Mac listened in growing amazement. Hart’s face was set in anger, and Ian stared at the floor, fist tucked under his chin.

“I swear to you, Hart, I have no idea who she is,” Mac said when the woman’s speech wound down. “I have never bedded her, and this girl not my child.”

“Then why the hell is she saying she is?” Hart demanded.

“How the devil should I know?”

Mac heard a light step behind him and a rustle of silk, and he closed his eyes. Damnation.
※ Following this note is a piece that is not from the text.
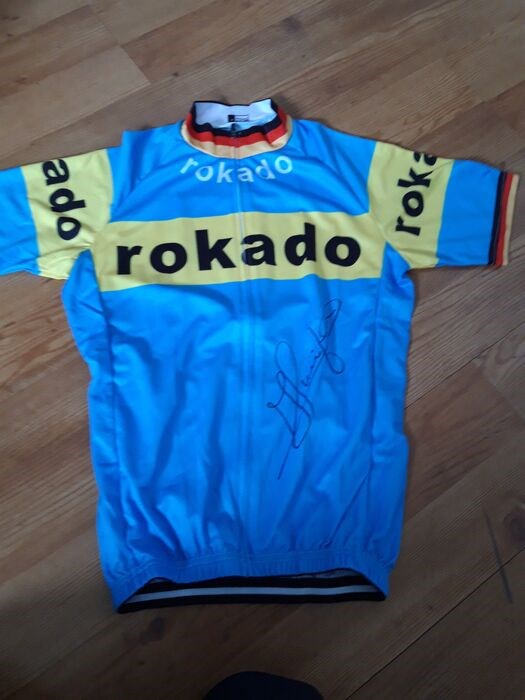 Prachtig retro wielershirt van Rokado met originele handtekening van Hennie Kuiper.

He opened them again to see Isabella gliding down the last flight of stairs She was fully dressed, every ribbon tied, every button buttoned. The only sign of dishevelment was her hair, which had been brushed into a ponytail that hung down her back. Isabella didn’t say a word to the brothers but headed straight for the fragile young woman.

Hart stepped in her way. “Isabella, go back upstairs.”
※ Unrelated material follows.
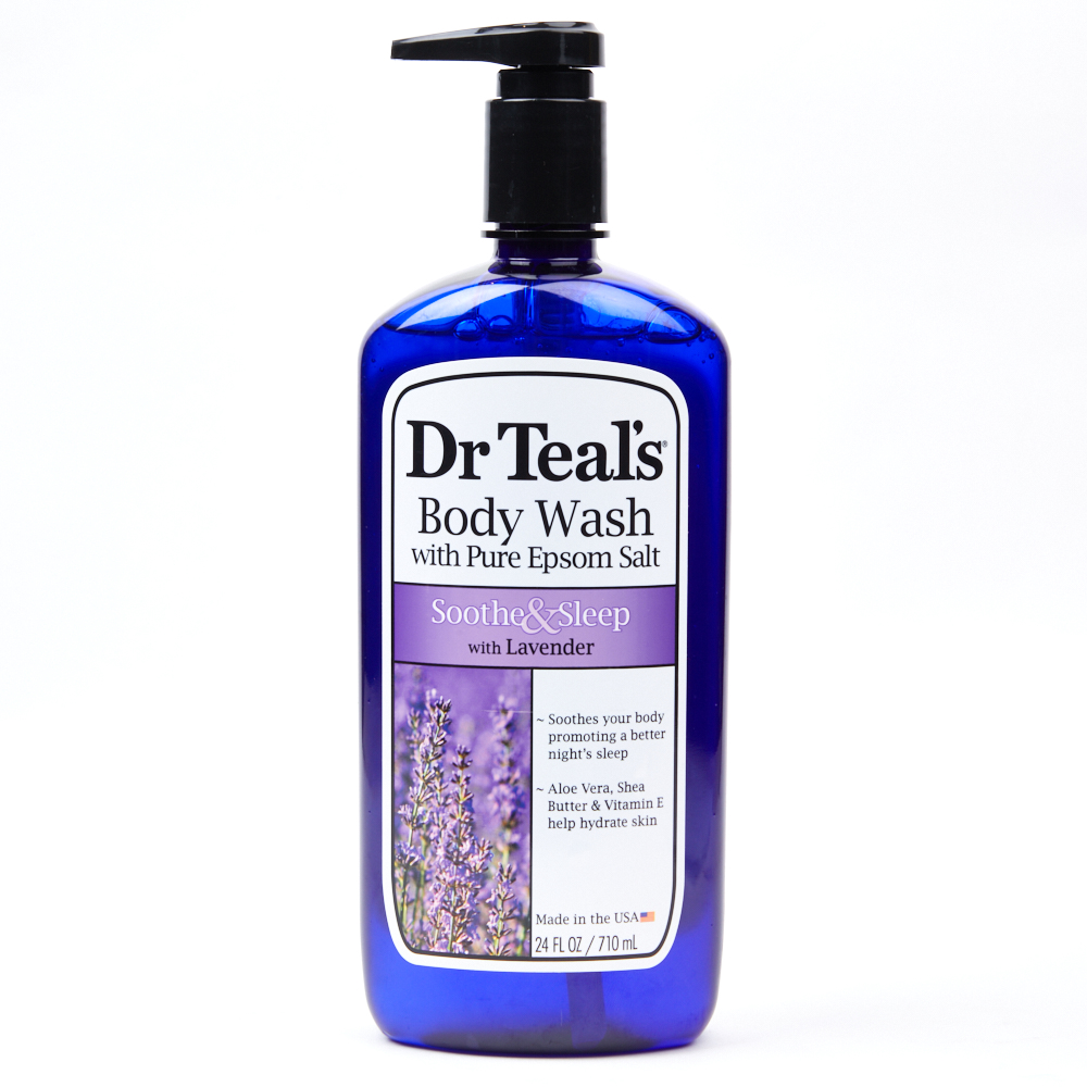 Dr Teal's® Pure Epsom Salt Soothe & Sleep Lavender Body Wash, 24 fl oz Dr Teal's Lavender Epsom Salt Body Wash Relaxing epsom salt revitalizes aching muscles and refreshes. Aloe vera, shea butter and vitamin e nourish and moisturize, while pure epsom salt (magnesium sulfate usp). A blend of melatonin, lavender and chamomile essential oils. Dr teal's pure epsom salt body wash soothe & sleep with lavender. Dr teal's pure epsom salt body wash soothe & sleep with lavender 710 ml. Dr Teal's Lavender Epsom Salt Body Wash.

“Do not tell me what to do, Hart Mackenzie,” she said crisply. “She obviously needs to sit down. Can one of you men be prevailed upon to ring for tea?”
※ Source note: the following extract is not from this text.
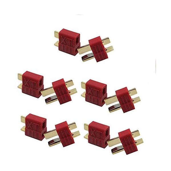 5 Pairs T-Plug Male and Female Connectors | 2-Pin Gold Adapter for LiPo Battery 300mAh | Compatible with WLtoys 144001 | Red Plastic Housing

“Isabella.” Hart tried his stern tone.

“It is not Mac’s child,” Ian repeated. “Not old enough.”

“I heard you,” Isabella said. “Come with me, petite,” she said to the woman in French. “We will sit, and you will rest.”

The woman stared at Isabella in astonishment as Isabella put a gentle arm around her shoulders. She let Isabella lead her a few steps before she put her hand to her belly and collapsed to the floor.

Mac shouted at Bellamy, who’d been heading for the servants’ hall in response to Isabella’s command. “Never mind the blasted tea, Bellamy. Send for a doctor.”

He helped Isabella lift the woman and get her to a settee. The woman gazed at Mac in terror, but Isabella spoke quietly to her. “It will be all right, Madame,” she said. “A doctor will come. You will rest.”

The woman began to weep. “An angel. You are an angel. My poor baby.”

The child, watching her mother collapse, hearing the men shout, and being no fool, realized that something dreadful was taking place. She did what all children would do in such a situation—she opened her mouth and started to wail.

The woman’s weeping escalated. “My poor baby! What will become of my poor baby?”

Ian turned his back on them all and rushed up the stairs, passing Beth, who was coming down, as though he didn’t see her. Beth blinked at Ian’s retreating back then paused to debate which way to go—up or down.

She decided on down. Beth went to the little girl and lifted her into her arms.

“Hush now,” she said in French. “No one will hurt you. See, here is Maman.”

Beth carried the child to her mother, but the young woman didn’t reach for her baby. She was sitting back against the cushions as though she hadn’t sat on something soft in a long time, if ever.